As we cross another year of life in JMD, I would like to share a few reflections on JMD’s present and future.

First, let me say that the past year has been a busy one for the journal. We had over 450 paper submissions, published 150 papers in 1400 pages with an average time of review from manuscript submission to technical editor approval of 2.5 months and from manuscript submission to final manuscript approval (including authors’ time for revisions) to 4.5 months. I am very pleased that we have been able to maintain review times that short. It is a tribute to the hard work of associate editors, reviewers, and editorial staff that we are able to meet our goal of completing publication decisions under 6 months.
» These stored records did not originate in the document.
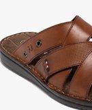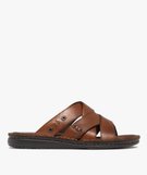 Mules homme unies en cuir avec multibrides croisées marron chine
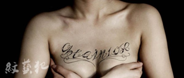 美女胸部潮流唯美的花体字母纹身图案_字母纹身图案大全_纹身图吧
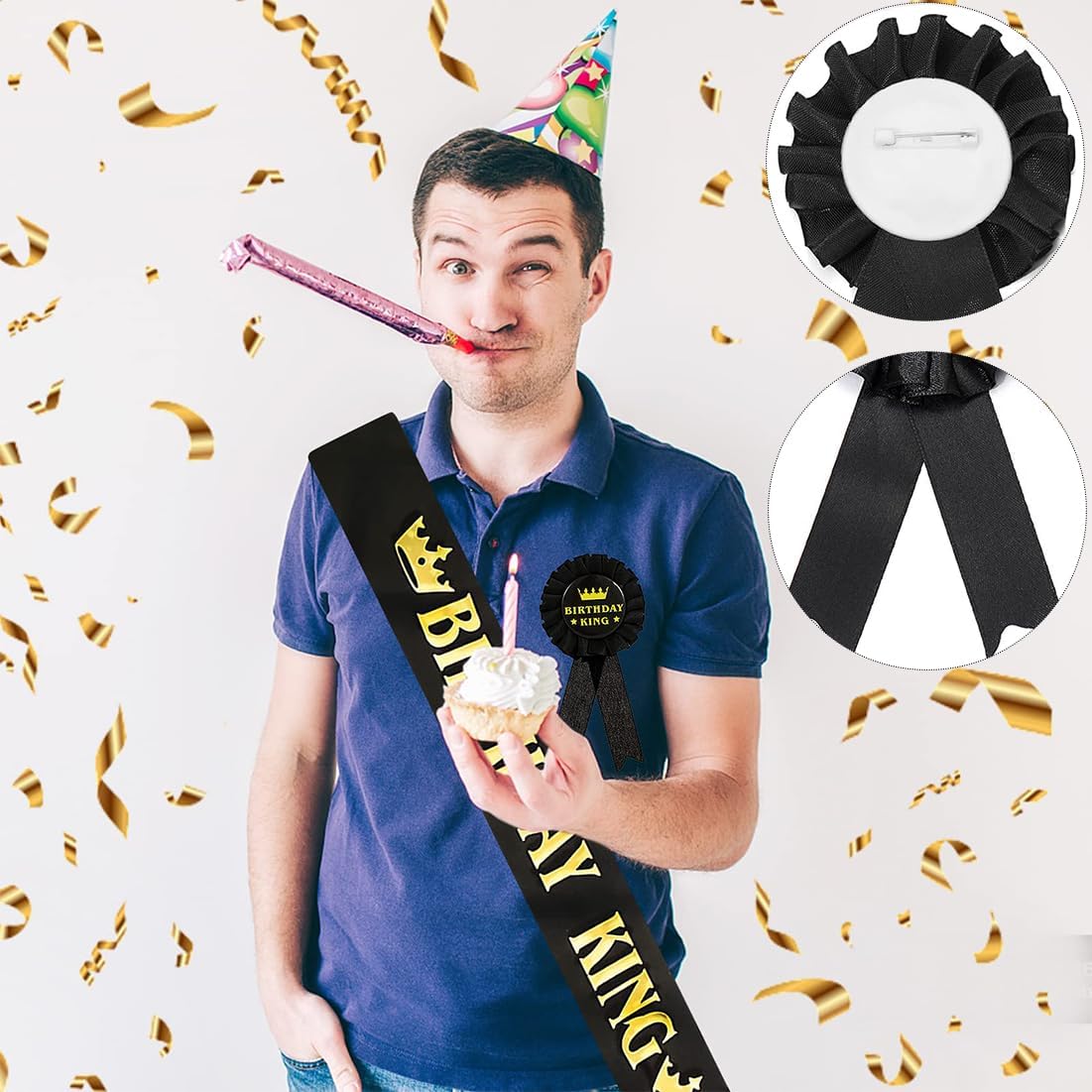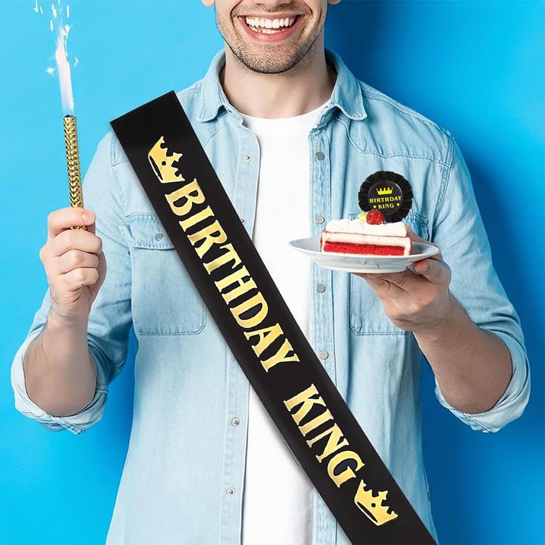 Il materiale in tessuto di alta qualità garantisce durabilità e riutilizzo, superando le alternative in plastica. La cintura regolabile assicura una vestibilità comoda ed elegante per uomini di diverse taglie di vita. Il design con monogramma "Re dell'Compleanno" attira l'attenzione, facendo risaltare il festeggiato con stile. Ideale per feste di compleanno, questo set fa un regalo perfetto per padri, figli e amici. Adatto per foto di compleanno, feste e decorazioni, creando ricordi duraturi della giornata speciale.
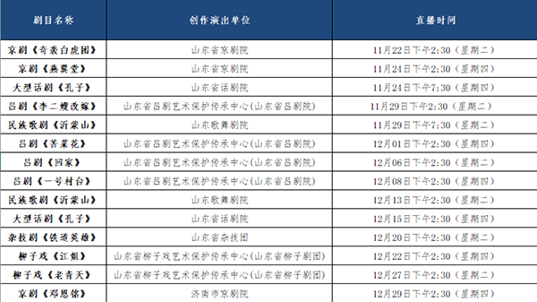 2022年是党的二十大召开之年,为深入宣传贯彻党的二十大精神,以鲜活生动的艺术形象传承弘扬革命精神、讴歌火热现实生活,山东演艺集团“齐鲁云剧场”数字演艺服务平台联合中国文化传媒集团“文旅中国”客户端、“云演播”客户端,于2022年11月至12月以网络剧目视频展播方式,组织开展“喜庆二十大·山东优秀剧目网络展演”活动。
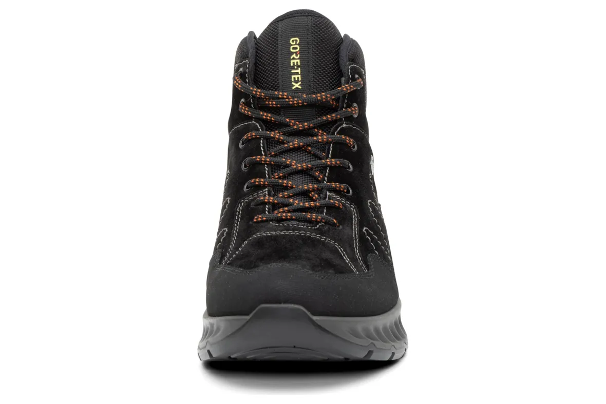 This sporty trekking shoe is exactly the right choice for all nature lovers and leisure activities.The shoe is made of robust nubuck leather and is also very light.Equipped with a Gore-Tex membrane, the shoe is waterproof and windproof, and a pleasant foot climate is guaranteed.Another advantage of these lace-ups is the loose insoles that can be easily removed.You can always replace them with your own deposits.
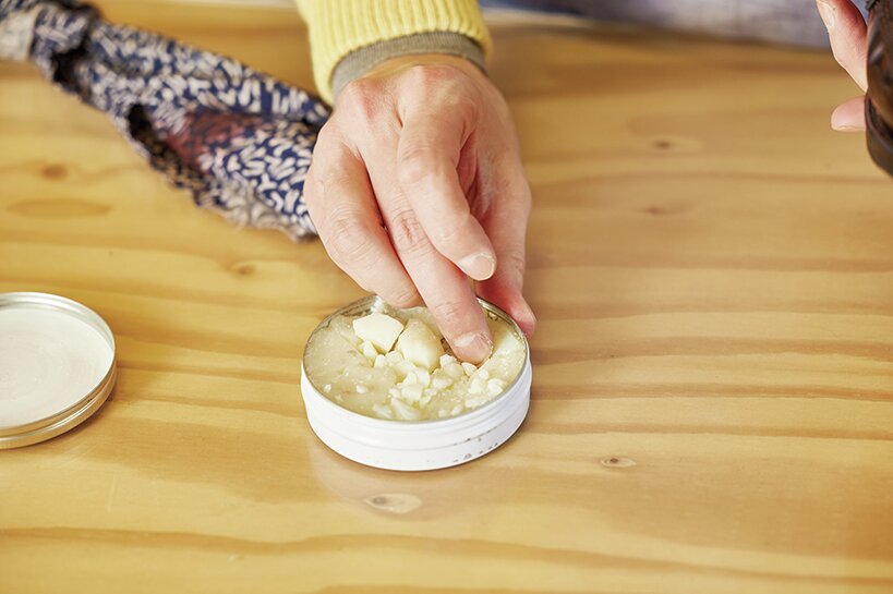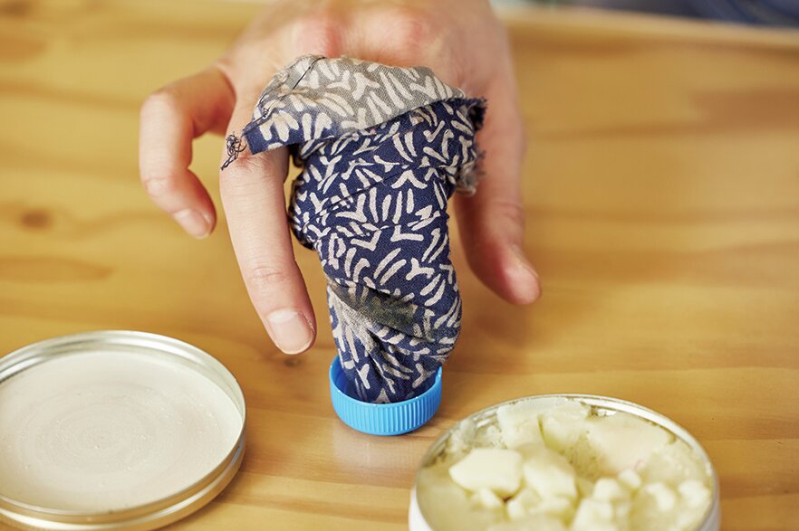 過去に塗ったワックスの層を溶かしながら除去する工程。クリーナーを適量クロス(手ぬぐい)に取り、円を描くように優しく塗る。革を傷めないように調合されている〈ブリフトアッシュ〉のクリーナーを使用(本人私物)。
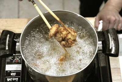 Bắc chảo thật ngập dầu, khi dầu đã nóng đều thì cho gà vào rán. Khi lớp vỏ vàng đều thì thịt gà đã chín, các bạn gắp ra, để ráo dầu nhé! |
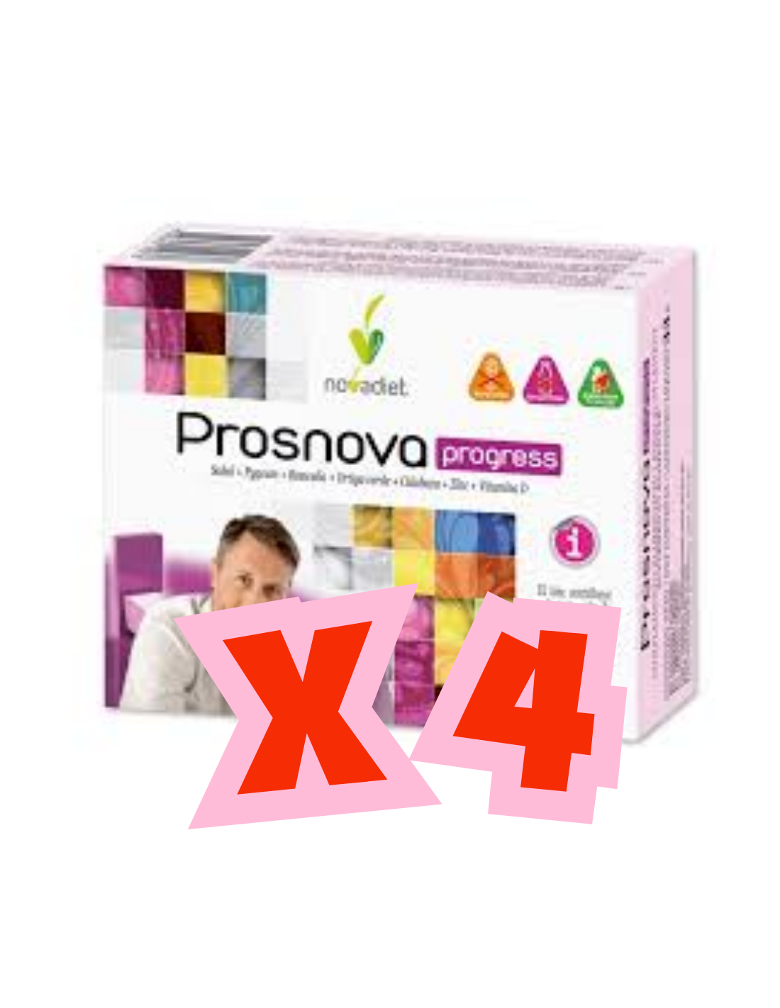 Prosnova Progress es un complemento alimenticio de Novadiet formulado específicamente para proteger la salud prostática, especialmente en hombres a partir de los 45 años que presentan molestias urinarias relacionadas con el aumento de tamaño de la próstata (hiperplasia benigna). Este pack de 4 unidades está pensado como un tratamiento completo de 120 días, que proporciona resultados estables y sostenidos en el tiempo.
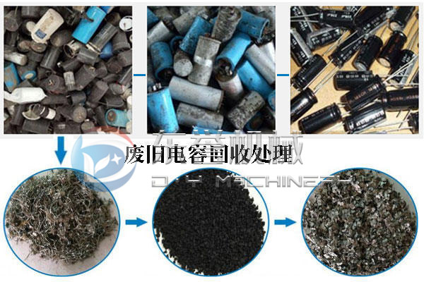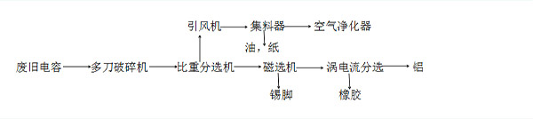 廢舊電容-多刀破碎機-風力比重分選機-渦電流分選機-鋁和紙、塑料。經過多刀破碎機破碎、粉碎、比重分選、渦電流分選工藝。
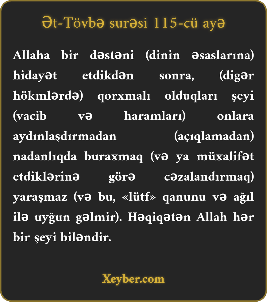 "Allah bir qövmü hidayət etdikdən sonra, çəkinməli olduqlarını bəyan etməmiş haqq yoldan çıxarmaz. Şübhəsiz, Allah hər şeyi biləndir.”
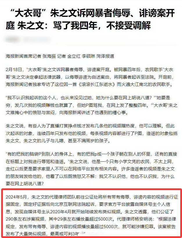 根据朱之文的代理律师杨安明表示,施暴者发布的大量都带有侮辱、诽谤性质的视频,这些都是犯法行为,根据规定最高或可判3年。
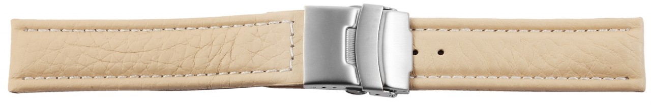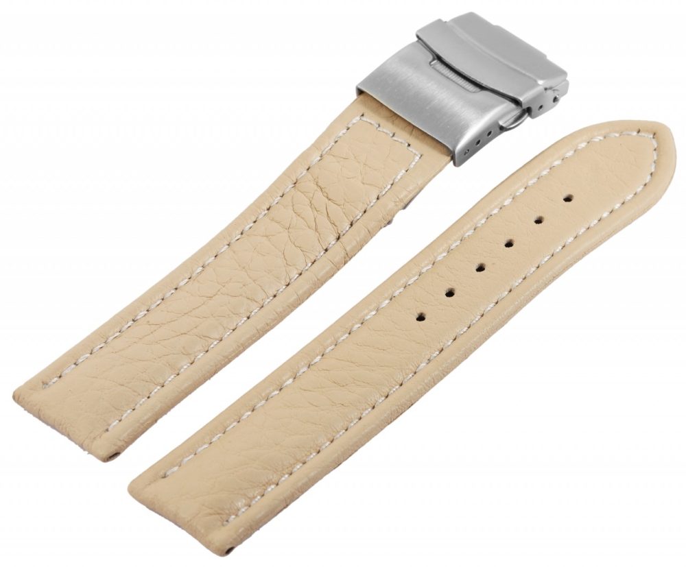 Bracelete clássica de reposição em pele genuína na cor bege. A costura externa é na cor branca. A parte superior da bracelete é parcialmente acolchoada. A bracelete possui fecho dobrável em aço inoxidável. A parte do furo afunila até uma ponta no final.

The clear preference of most readers for perhaps exclusive online publication is rapidly becoming stronger. The ASME online system continues to evolve in positive ways, adding flexibility for authors, reviewers, and editors. I believe that the availability of ASME journal articles at nominal cost will happen in the very near future, opening up the journal to researchers who come from industry and academic institutions without large library budgets. This is good for the journal and for design. The frequent question of page charges continues to come up. As a matter of policy, I have decided to request waivers of charges for papers up to 12 pages, provided this is not seen as license to verbosity and slack editing. I will continue to place great emphasis on the quality of language use. ASME has agreed to offer specific guidance to resources that will help native and non-native English-speaking authors to produce high quality submissions. The influx of papers from developing countries, particularly in Asia, will continue to grow, and it is important for all of us to welcome new ideas and authors while propagating high standards of scholarship.

The special issue on sustainable design that we published in September opened another avenue for scholarly research for the journal. This was the first time that a wide variety of authors and topics around sustainability concerns in design came together in a scholarly forum. The breath of the topical areas presents significant challenges in creating a stable and coherent forum for scholarly work. I believe that JMD has the rigor and the flexibility to provide this forum in a sustained, if I may say, manner. The new special issue planned for Fall 2011 around the topic of designing engineered complex systems provides another challenge for JMD to create a coherent vision of a rather diverse field attracting much attention. The current steady stream of contributions in design of smart materials, devices, and systems that was initiated with the special issue in 2008 encourages the expectation that we can grow communities that gradually define new fields of design research. We have started to see also some exciting contributions on design education research, an area I believe will continue to grow as more researchers address the broad social and economic questions on innovation and creativity, putting forth design as a natural avenue for getting reliable answers.

We are entering an era of a new knowledge ecosystem where information comes from literally everywhere and the task of extracting information from vast data sets is becoming increasingly daunting. Where would a traditional journal like JMD fit into all this? How can we improve our ability to learn from data, and to avoid the traps of data manipulation, statistical or otherwise? A case in point is the whole area of journal impact factors and the like. Why is it that for-profit journals tend to have higher impact factors than those published by nonprofit organizations? JMD’s impact factors had (relatively) skyrocketed in the past 3–4 years but came down last year. Why would drastic fluctuations occur? Should we stratify the data and see if a couple of really popular papers make a difference? How far do we go with that? Should a paper highly cited for its mistakes add big points to your delta factor? (Not to panic, I just made this factor up, but maybe there is one already.) Given that impact factor generators start counting negatively journal self-citations after a certain point, should we band a couple of dozen good authors with two to three papers per year distributed to two to three sister publications and cross reference ad nauseam? Perish the thought! Yet, history shows that where there is a system there will be also gaming it, which bring me back to the point that in the new knowledge ecosystem traditional ways of approaching knowledge extraction from information are changing rapidly. JMD’s strategy of expanding its breadth of interest in areas less traditional for engineers and of welcoming many new authors will take time to be reflected in the counting game. All the more reason to seek impact beyond data artifacts and into how our work changes the way people think, learn, and practice the profession to create new, useful, sustainable things for the world. How to measure that is another matter of course.